» **What the exercise asks**
Please repeat, exactly and without pictures, the lines of the entries below that run from the one containing "La sofisticación se" through the one containing "Painted to simulate".

» **Data for this exercise**
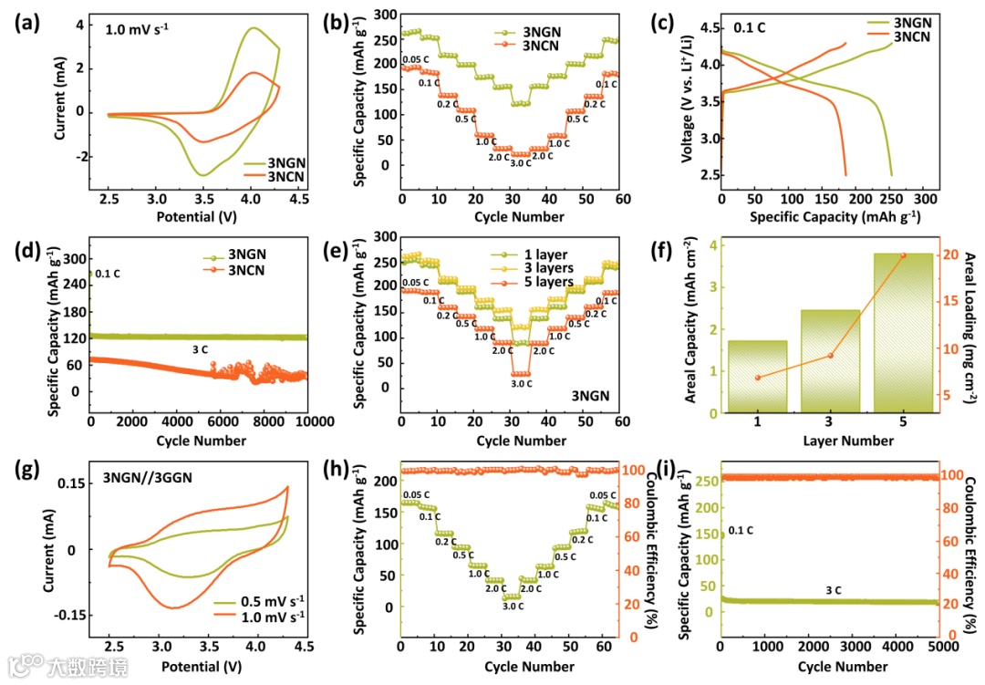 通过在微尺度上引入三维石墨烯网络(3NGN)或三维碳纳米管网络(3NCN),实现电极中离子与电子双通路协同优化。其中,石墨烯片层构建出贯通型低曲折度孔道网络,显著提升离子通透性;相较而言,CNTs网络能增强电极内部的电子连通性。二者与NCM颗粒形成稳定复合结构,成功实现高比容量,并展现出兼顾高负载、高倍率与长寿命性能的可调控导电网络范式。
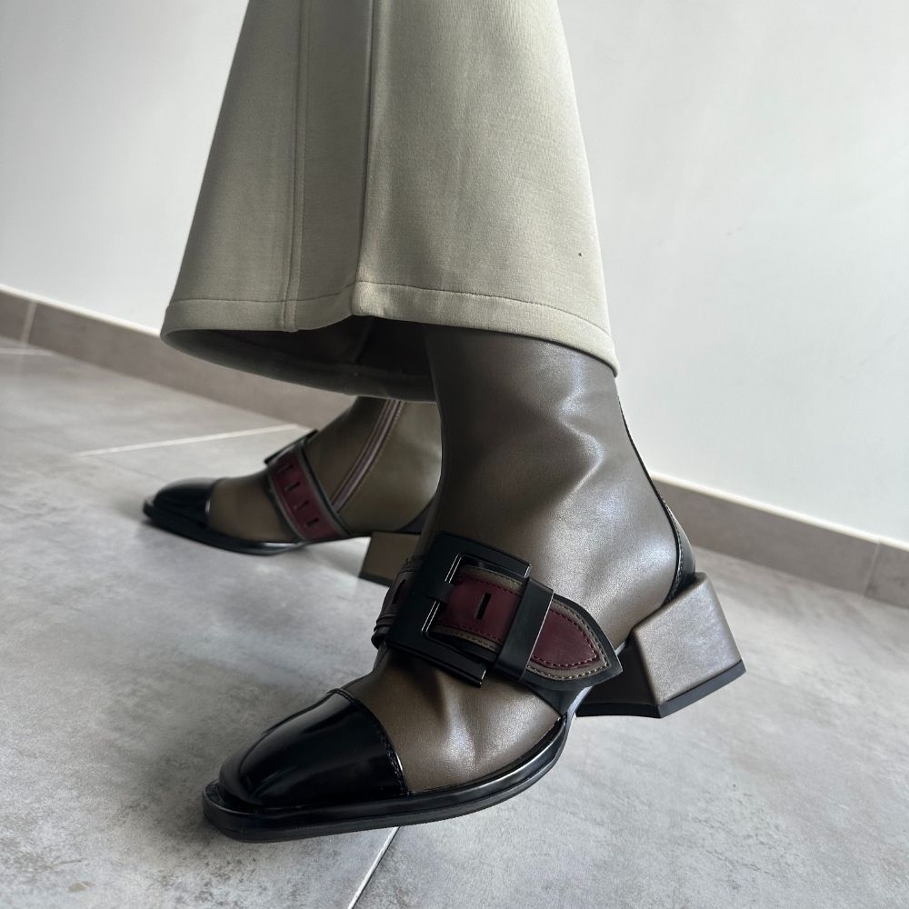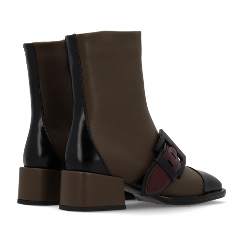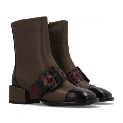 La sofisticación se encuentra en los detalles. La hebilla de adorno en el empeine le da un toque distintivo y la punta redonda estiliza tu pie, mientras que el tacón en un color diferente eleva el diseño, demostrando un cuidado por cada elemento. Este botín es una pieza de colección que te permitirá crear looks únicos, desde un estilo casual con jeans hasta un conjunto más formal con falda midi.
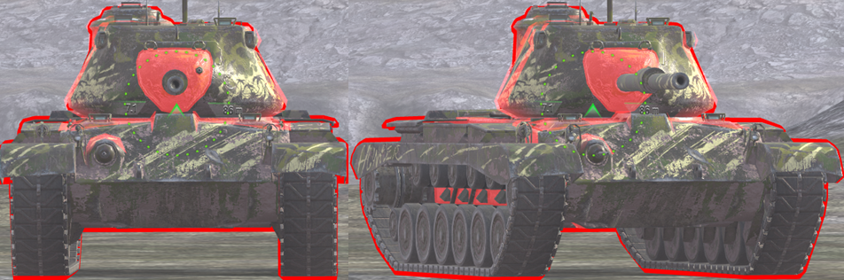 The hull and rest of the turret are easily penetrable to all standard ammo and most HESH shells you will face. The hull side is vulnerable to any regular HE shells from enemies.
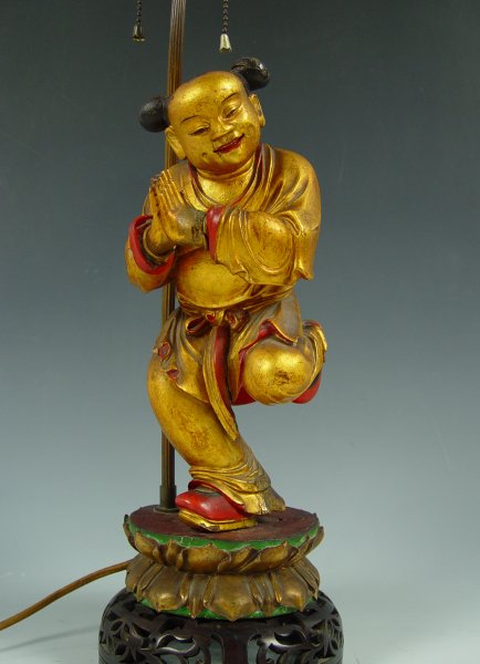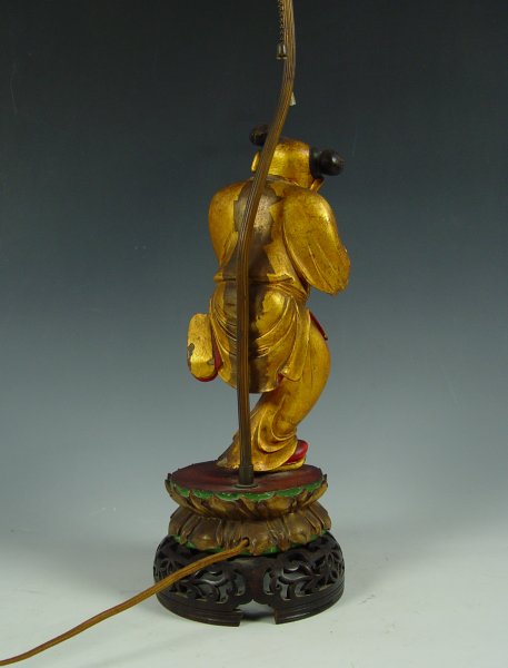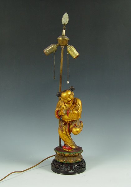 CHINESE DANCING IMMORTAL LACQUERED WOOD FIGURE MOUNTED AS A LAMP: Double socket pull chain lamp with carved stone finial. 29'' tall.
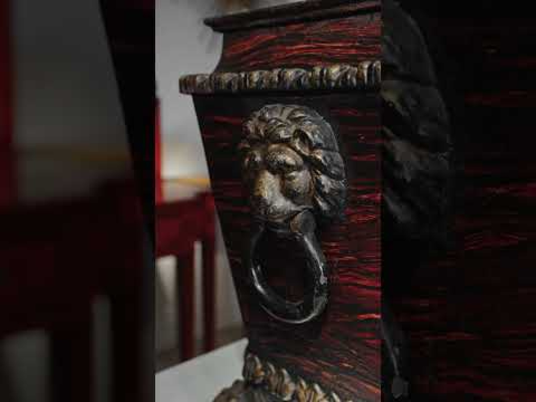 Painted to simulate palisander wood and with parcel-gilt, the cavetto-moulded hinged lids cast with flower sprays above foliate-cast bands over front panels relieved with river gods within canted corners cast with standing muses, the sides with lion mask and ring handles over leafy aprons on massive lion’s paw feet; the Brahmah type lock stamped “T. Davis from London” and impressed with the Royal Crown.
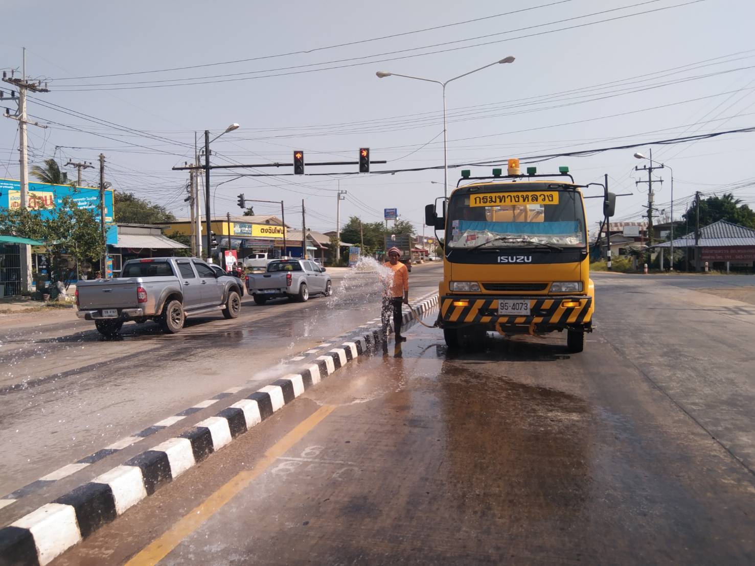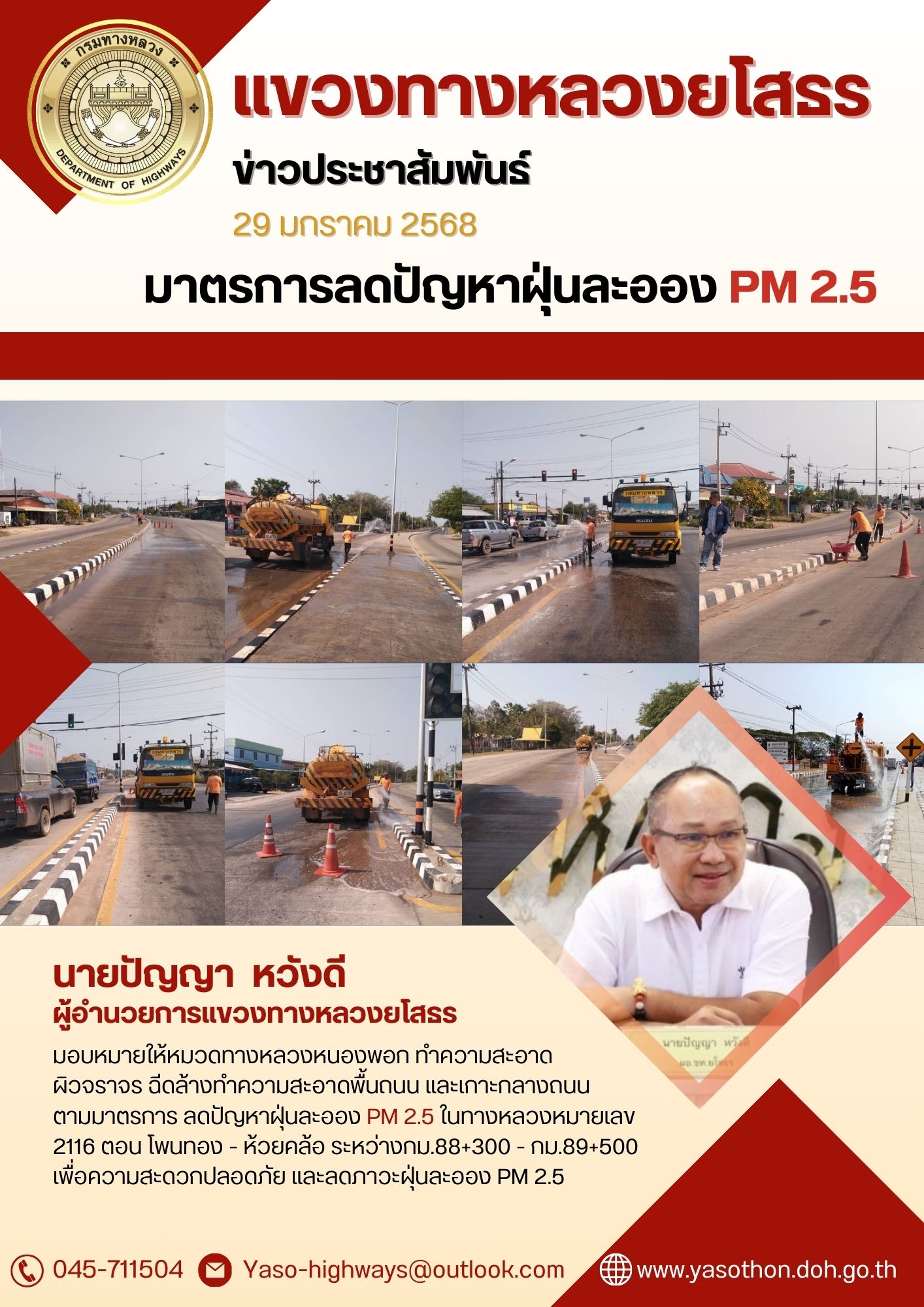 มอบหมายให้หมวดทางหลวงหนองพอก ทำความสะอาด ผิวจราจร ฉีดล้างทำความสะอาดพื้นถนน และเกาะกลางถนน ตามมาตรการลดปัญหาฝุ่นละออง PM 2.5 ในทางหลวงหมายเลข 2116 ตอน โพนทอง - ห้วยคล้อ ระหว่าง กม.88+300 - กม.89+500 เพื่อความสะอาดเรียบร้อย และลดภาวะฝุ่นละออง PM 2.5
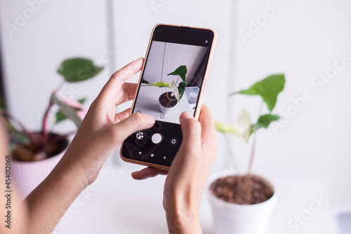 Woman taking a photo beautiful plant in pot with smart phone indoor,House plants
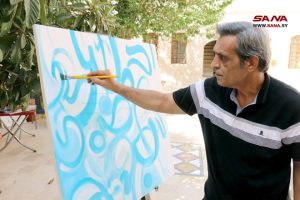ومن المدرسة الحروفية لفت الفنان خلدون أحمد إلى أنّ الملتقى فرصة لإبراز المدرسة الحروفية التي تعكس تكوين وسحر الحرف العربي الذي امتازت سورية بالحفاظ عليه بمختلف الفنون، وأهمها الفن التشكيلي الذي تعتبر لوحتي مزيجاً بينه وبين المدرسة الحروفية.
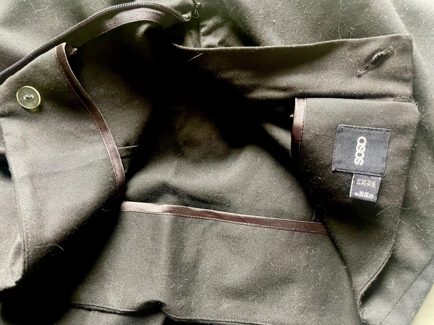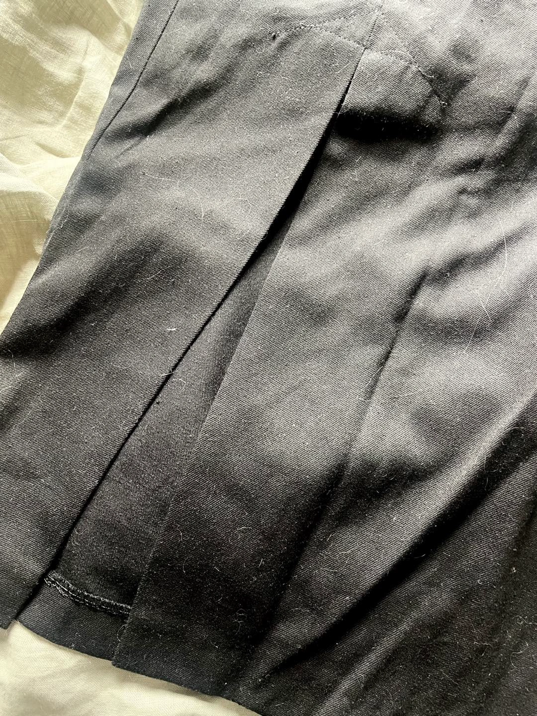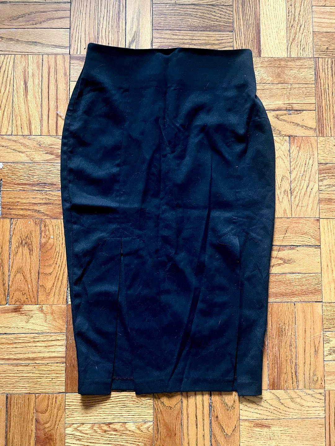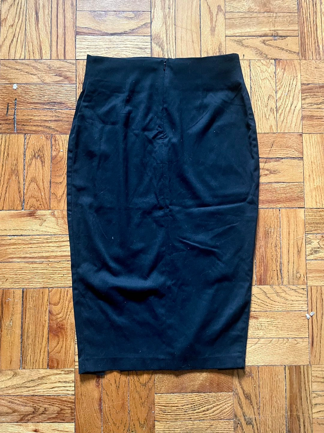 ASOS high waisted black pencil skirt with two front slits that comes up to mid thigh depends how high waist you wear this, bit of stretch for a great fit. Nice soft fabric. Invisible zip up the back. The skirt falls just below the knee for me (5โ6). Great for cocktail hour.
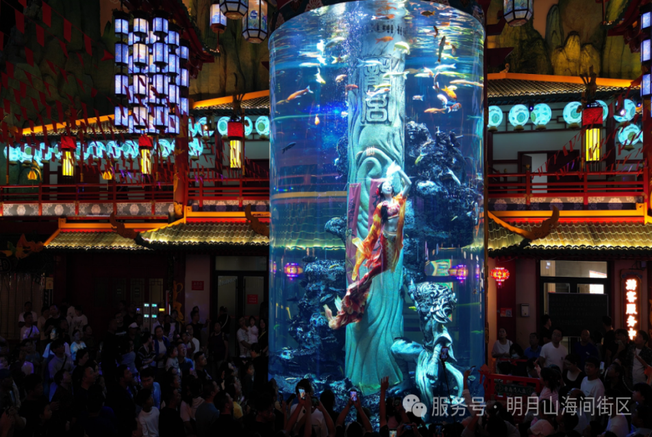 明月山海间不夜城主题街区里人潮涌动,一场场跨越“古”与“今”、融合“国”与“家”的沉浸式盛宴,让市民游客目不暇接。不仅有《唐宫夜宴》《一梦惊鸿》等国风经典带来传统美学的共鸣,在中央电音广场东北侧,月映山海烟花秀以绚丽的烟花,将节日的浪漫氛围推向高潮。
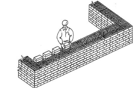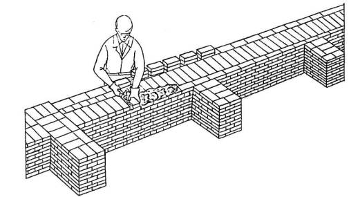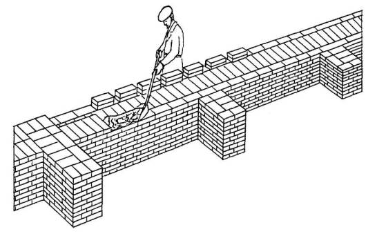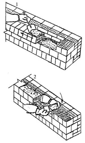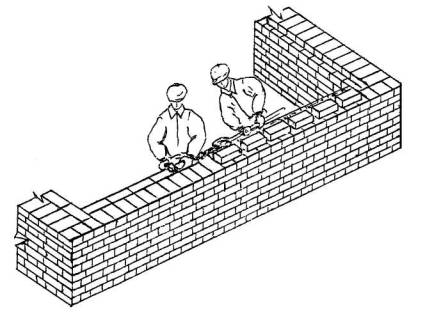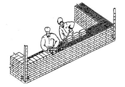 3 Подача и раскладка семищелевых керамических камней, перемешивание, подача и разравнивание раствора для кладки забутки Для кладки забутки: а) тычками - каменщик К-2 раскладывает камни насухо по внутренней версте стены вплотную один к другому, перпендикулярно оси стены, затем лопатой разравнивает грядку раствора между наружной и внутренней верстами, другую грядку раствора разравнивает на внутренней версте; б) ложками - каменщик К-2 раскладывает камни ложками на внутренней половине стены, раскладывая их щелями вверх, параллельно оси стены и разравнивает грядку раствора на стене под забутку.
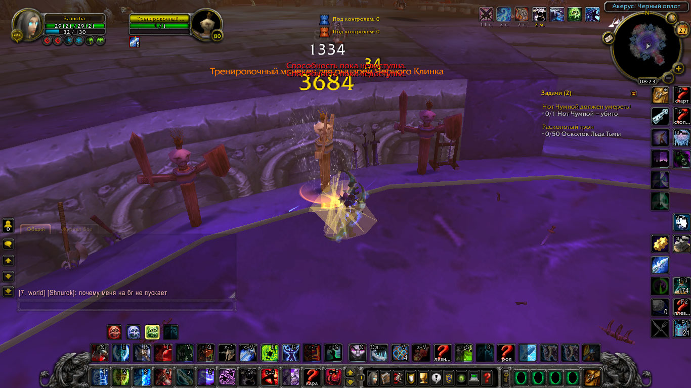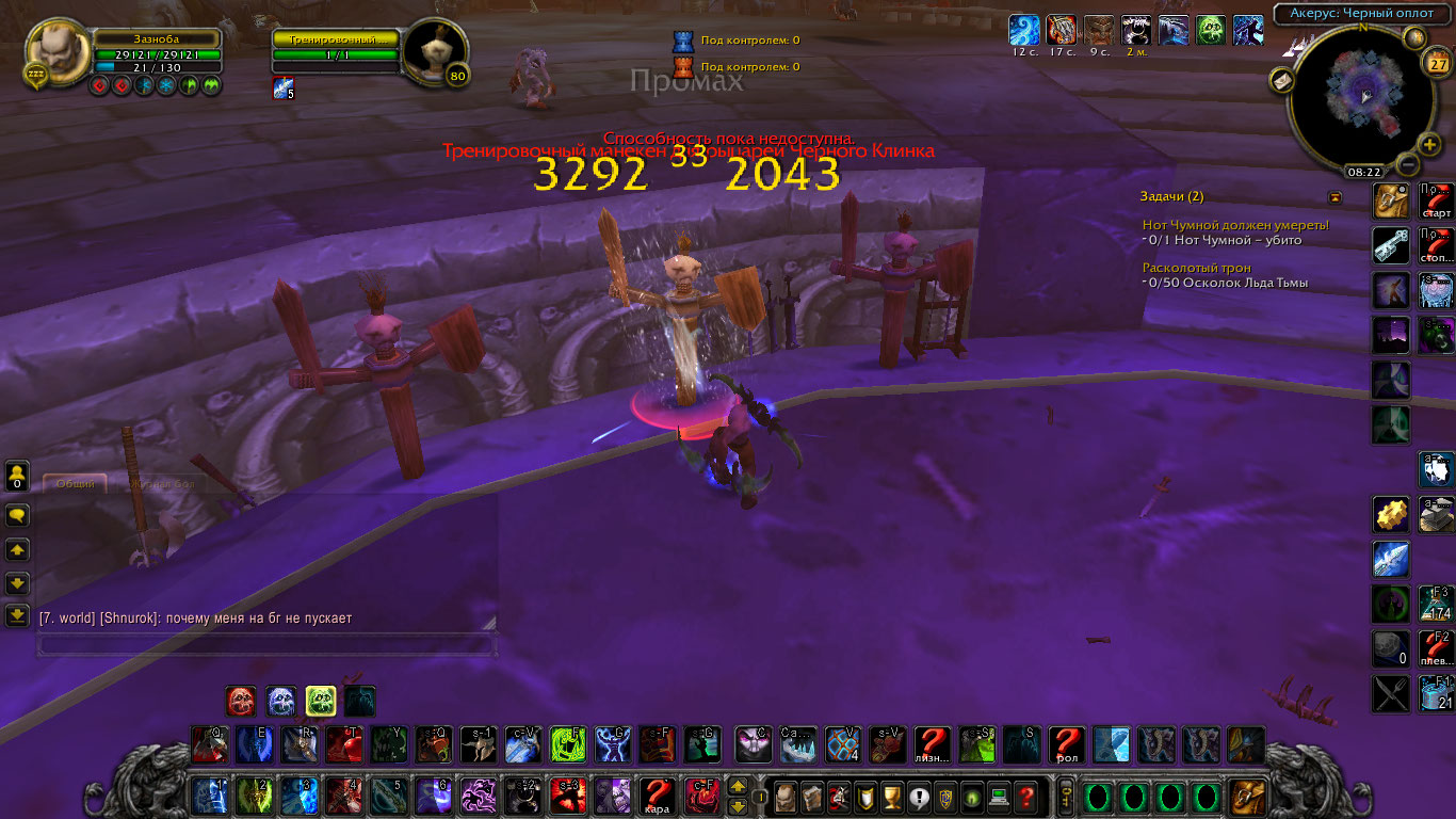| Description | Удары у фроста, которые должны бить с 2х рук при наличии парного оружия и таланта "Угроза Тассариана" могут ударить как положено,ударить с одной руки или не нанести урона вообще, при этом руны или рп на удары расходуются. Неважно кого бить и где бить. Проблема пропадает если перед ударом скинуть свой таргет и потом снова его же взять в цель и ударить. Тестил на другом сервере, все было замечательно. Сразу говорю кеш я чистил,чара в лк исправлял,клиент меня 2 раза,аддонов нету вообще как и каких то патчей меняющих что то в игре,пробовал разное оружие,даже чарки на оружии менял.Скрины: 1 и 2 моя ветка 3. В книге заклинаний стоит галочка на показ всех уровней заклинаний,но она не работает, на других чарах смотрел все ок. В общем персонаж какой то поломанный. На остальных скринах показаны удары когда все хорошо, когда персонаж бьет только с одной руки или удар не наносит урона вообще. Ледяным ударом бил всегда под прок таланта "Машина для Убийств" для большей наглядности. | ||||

» **Answer to this problem**
 La sofisticación se encuentra en los detalles. La hebilla de adorno en el empeine le da un toque distintivo y la punta redonda estiliza tu pie, mientras que el tacón en un color diferente eleva el diseño, demostrando un cuidado por cada elemento. Este botín es una pieza de colección que te permitirá crear looks únicos, desde un estilo casual con jeans hasta un conjunto más formal con falda midi.
 The hull and rest of the turret are easily penetrable to all standard ammo and most HESH shells you will face. The hull side is vulnerable to any regular HE shells from enemies.
 CHINESE DANCING IMMORTAL LACQUERED WOOD FIGURE MOUNTED AS A LAMP: Double socket pull chain lamp with carved stone finial. 29'' tall.
 Painted to simulate palisander wood and with parcel-gilt, the cavetto-moulded hinged lids cast with flower sprays above foliate-cast bands over front panels relieved with river gods within canted corners cast with standing muses, the sides with lion mask and ring handles over leafy aprons on massive lion’s paw feet; the Brahmah type lock stamped “T. Davis from London” and impressed with the Royal Crown.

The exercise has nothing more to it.